-- Given data follows --

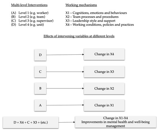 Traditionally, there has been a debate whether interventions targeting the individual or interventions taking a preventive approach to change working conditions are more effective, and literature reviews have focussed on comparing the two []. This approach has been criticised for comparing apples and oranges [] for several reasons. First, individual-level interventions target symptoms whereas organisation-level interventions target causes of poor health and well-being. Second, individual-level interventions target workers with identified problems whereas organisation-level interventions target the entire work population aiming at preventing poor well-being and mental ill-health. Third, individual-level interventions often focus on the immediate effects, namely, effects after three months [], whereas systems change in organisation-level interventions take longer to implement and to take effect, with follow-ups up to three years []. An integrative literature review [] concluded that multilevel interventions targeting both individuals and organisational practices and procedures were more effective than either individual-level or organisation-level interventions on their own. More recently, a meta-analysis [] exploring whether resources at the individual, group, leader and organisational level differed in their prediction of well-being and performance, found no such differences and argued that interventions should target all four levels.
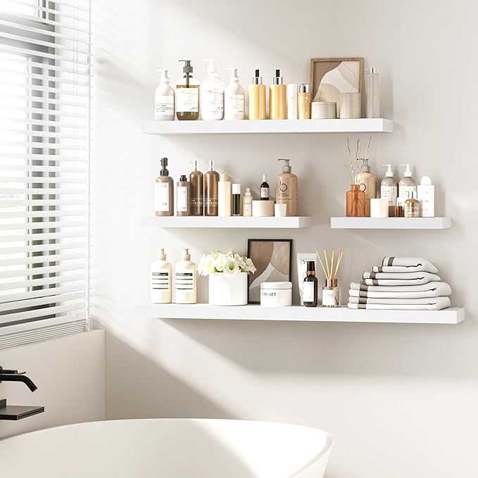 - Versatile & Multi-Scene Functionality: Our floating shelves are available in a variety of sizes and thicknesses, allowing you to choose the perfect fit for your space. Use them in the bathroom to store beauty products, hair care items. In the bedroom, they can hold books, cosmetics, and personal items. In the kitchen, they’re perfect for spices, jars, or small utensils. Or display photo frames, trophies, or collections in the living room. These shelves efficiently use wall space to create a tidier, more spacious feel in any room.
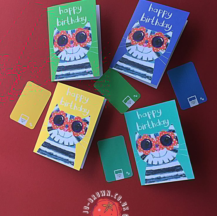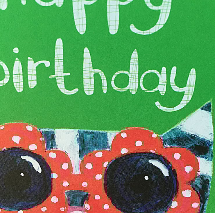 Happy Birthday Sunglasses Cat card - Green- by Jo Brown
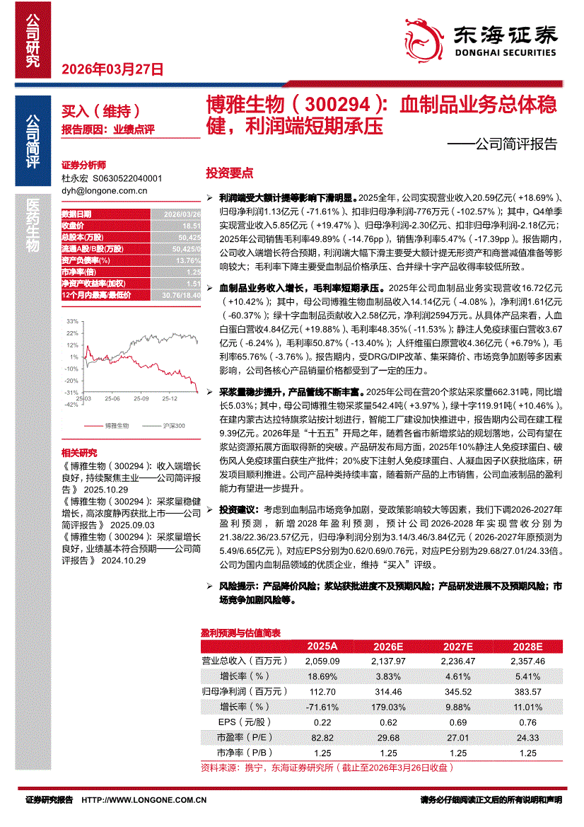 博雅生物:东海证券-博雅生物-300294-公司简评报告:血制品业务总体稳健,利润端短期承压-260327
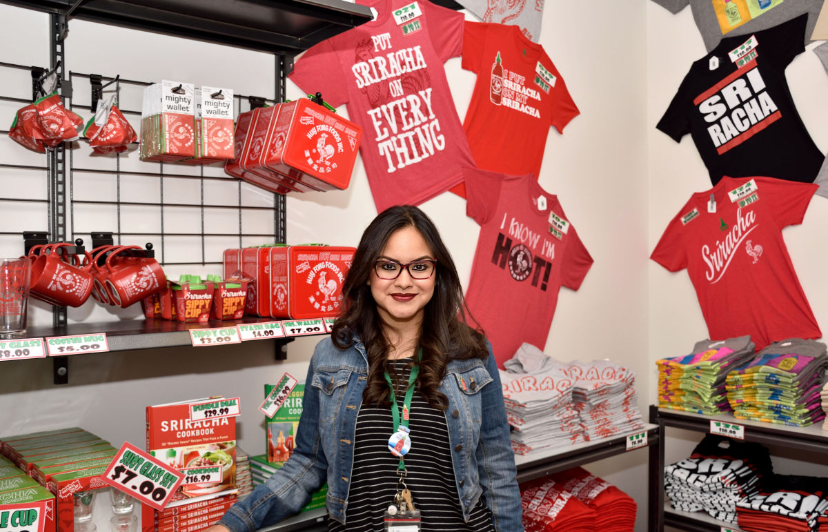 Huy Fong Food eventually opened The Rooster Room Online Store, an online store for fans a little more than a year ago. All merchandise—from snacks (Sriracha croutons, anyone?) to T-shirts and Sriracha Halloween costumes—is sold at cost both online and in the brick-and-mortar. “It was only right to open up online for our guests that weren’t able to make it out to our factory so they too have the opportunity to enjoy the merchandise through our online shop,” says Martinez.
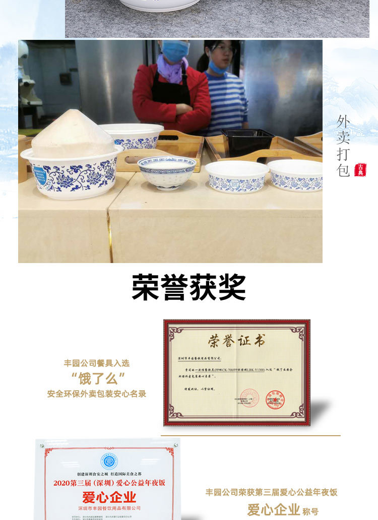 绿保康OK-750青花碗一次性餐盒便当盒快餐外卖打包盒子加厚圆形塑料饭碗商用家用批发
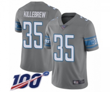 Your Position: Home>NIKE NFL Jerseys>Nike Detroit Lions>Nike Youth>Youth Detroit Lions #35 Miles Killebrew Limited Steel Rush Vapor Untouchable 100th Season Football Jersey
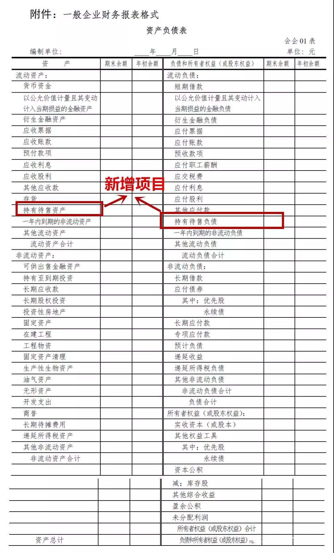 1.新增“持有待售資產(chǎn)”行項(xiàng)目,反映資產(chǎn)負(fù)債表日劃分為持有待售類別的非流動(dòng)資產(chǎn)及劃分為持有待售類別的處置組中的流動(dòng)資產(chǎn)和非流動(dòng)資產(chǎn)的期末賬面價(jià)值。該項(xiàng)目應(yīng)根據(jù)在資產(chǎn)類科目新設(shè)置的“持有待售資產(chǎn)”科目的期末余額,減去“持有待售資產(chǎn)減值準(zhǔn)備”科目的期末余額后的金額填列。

-- Given data concluded --
-- Given data follows --

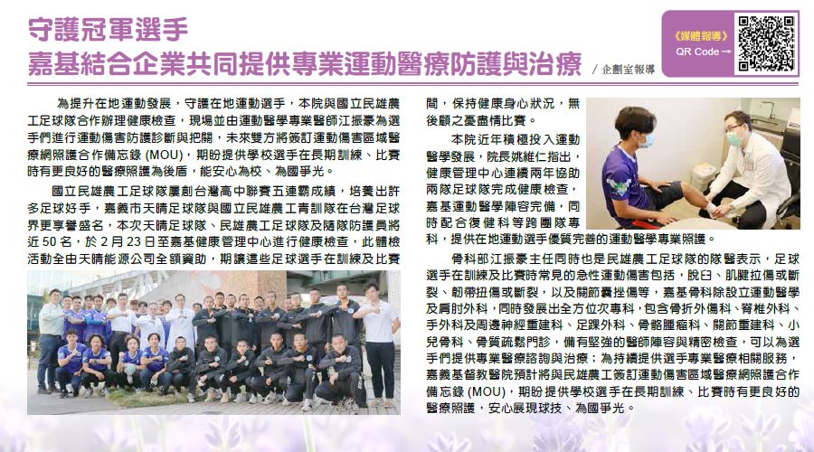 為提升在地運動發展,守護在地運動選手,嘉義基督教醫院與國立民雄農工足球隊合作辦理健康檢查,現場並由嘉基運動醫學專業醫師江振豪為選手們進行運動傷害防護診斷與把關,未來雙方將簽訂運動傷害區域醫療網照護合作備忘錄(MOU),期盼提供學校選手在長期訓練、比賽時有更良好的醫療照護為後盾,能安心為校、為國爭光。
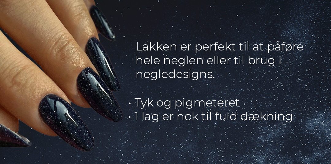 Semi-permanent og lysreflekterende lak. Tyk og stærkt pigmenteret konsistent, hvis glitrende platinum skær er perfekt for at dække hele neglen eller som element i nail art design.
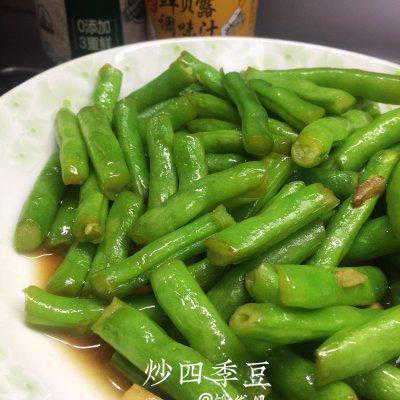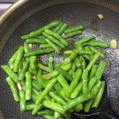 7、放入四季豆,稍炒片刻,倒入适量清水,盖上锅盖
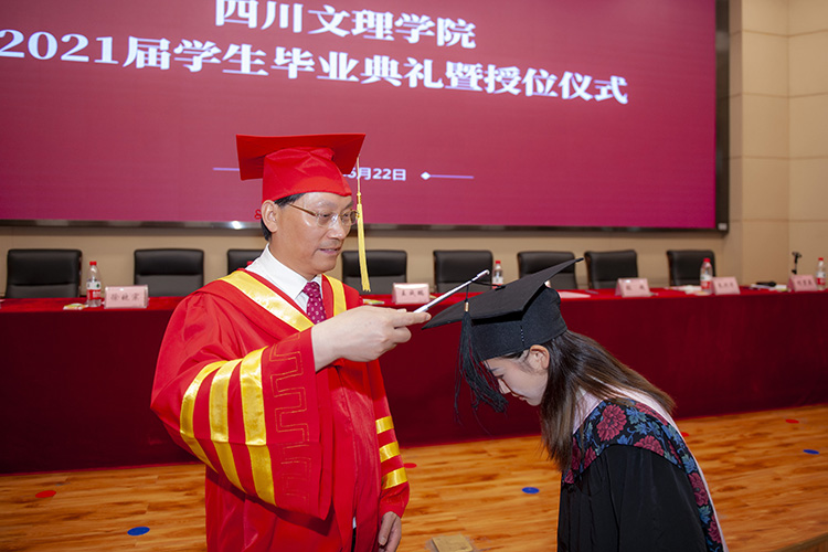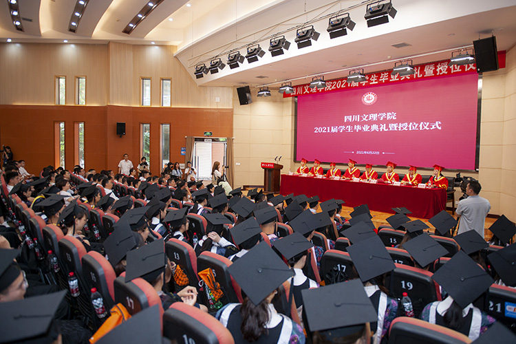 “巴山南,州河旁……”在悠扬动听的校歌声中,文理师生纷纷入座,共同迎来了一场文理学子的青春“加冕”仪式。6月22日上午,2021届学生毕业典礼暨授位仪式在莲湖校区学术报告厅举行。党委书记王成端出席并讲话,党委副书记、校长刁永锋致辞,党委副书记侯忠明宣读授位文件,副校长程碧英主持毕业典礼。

-- Given data concluded --

Problem to work on:
Given the records above, return the lines starting at the one that holds "Huy Fong Food" and ending at the one that holds "Your Position: Home>NIKE", exactly, and nothing besides; leave every picture out.

Output of the exercise:
 Huy Fong Food eventually opened The Rooster Room Online Store, an online store for fans a little more than a year ago. All merchandise—from snacks (Sriracha croutons, anyone?) to T-shirts and Sriracha Halloween costumes—is sold at cost both online and in the brick-and-mortar. “It was only right to open up online for our guests that weren’t able to make it out to our factory so they too have the opportunity to enjoy the merchandise through our online shop,” says Martinez.
 绿保康OK-750青花碗一次性餐盒便当盒快餐外卖打包盒子加厚圆形塑料饭碗商用家用批发
 Your Position: Home>NIKE NFL Jerseys>Nike Detroit Lions>Nike Youth>Youth Detroit Lions #35 Miles Killebrew Limited Steel Rush Vapor Untouchable 100th Season Football Jersey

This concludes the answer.